4D5A Security partners with clients to design exactly what works for you to meet your specific needs. This includes off-site workshops with executives to achieve alignment on risk perceptions and priorities and that of more tactical training and onboarding of new operations and capabilities. See our examples below to plant seeds for what you might be considering in your environment.

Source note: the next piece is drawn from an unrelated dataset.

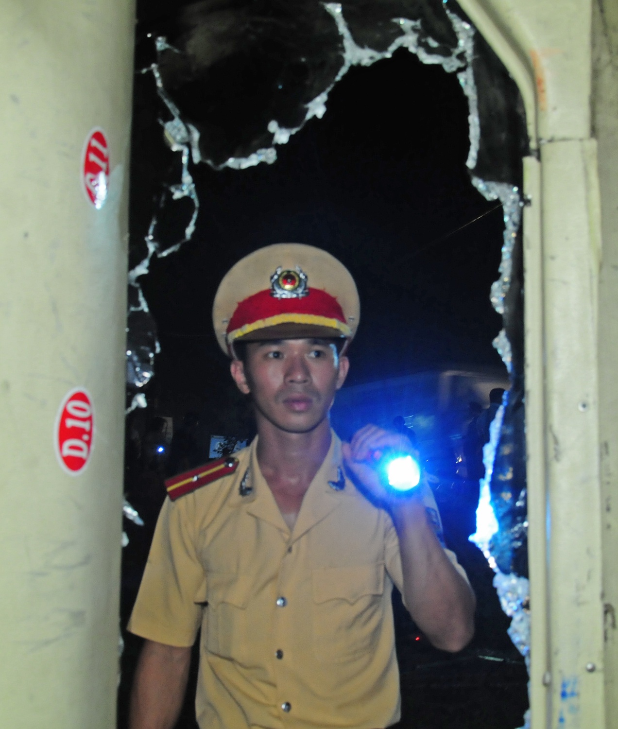 | Kính xe khách bể nát. |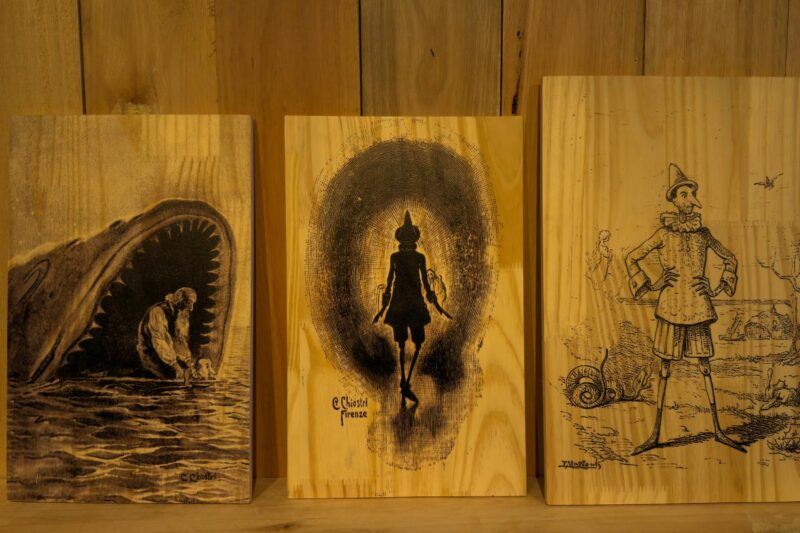 Entre os destaques estão esculturas em madeira do artista cearense Zé Bezerra, ilustrações de Alex Cerveny para uma edição publicada em 2012 e gravuras do artista norte-americano Jim Dine. O percurso inclui ainda uma sala dedicada à passagem do tubarão-baleia, com obras de Lorenzo Mattotti, e termina em um ambiente imersivo que combina projeções digitais e trechos do livro de Collodi, em diálogo com cenas do filme I.A. – Inteligência Artificial, de Steven Spielberg.

Leadership is generally supportive but doesn’t seem to “get” cybersecurity like that of the cybersecurity team. The cybersecurity team does a great job – but they are all too aware of massive gaps and concerns and are struggling to get this through to management when “everything is just fine” or “works”. A 1/2 day workshop where we did a perceptions rating on maturity of various controls and risks revealed this gap between the two groups brokering a discussion, and why that exists. The outcome of alignment and understanding was achieved, with 4D5A Security championing as lead of the discussion that this is common to most organizations, applauding the organization for arriving at this level of maturity as they align and now move to the next level of ownership in operations.
Custom Malware Lab
A large organization relies upon a 3rd party vendor to perform MSSP and malware handling and analysis but isn’t fully trusting of their outcomes and data in all cases. 4D5A Security partnered with them on this process to identify how to safely handle and manage malware through the lifecycle of threat detection and response to then build out a virtual lab and analysis for the local security team to leverage in their own analysis of the code. The team built out a “golden image” core build with various tools installed, per recommendations by 4D5A Security, followed by a 1/2 day workshop to demonstrate and practice with malware samples, use of the system and reinforcement of safe handling practices and policies and procedures to be implemented properly once testing was completed. The outcome was a successful new capability by the company at a highly affordable price, enabling them to drive assurances and integrity into the process for oversight of the process and their 3rd party provider.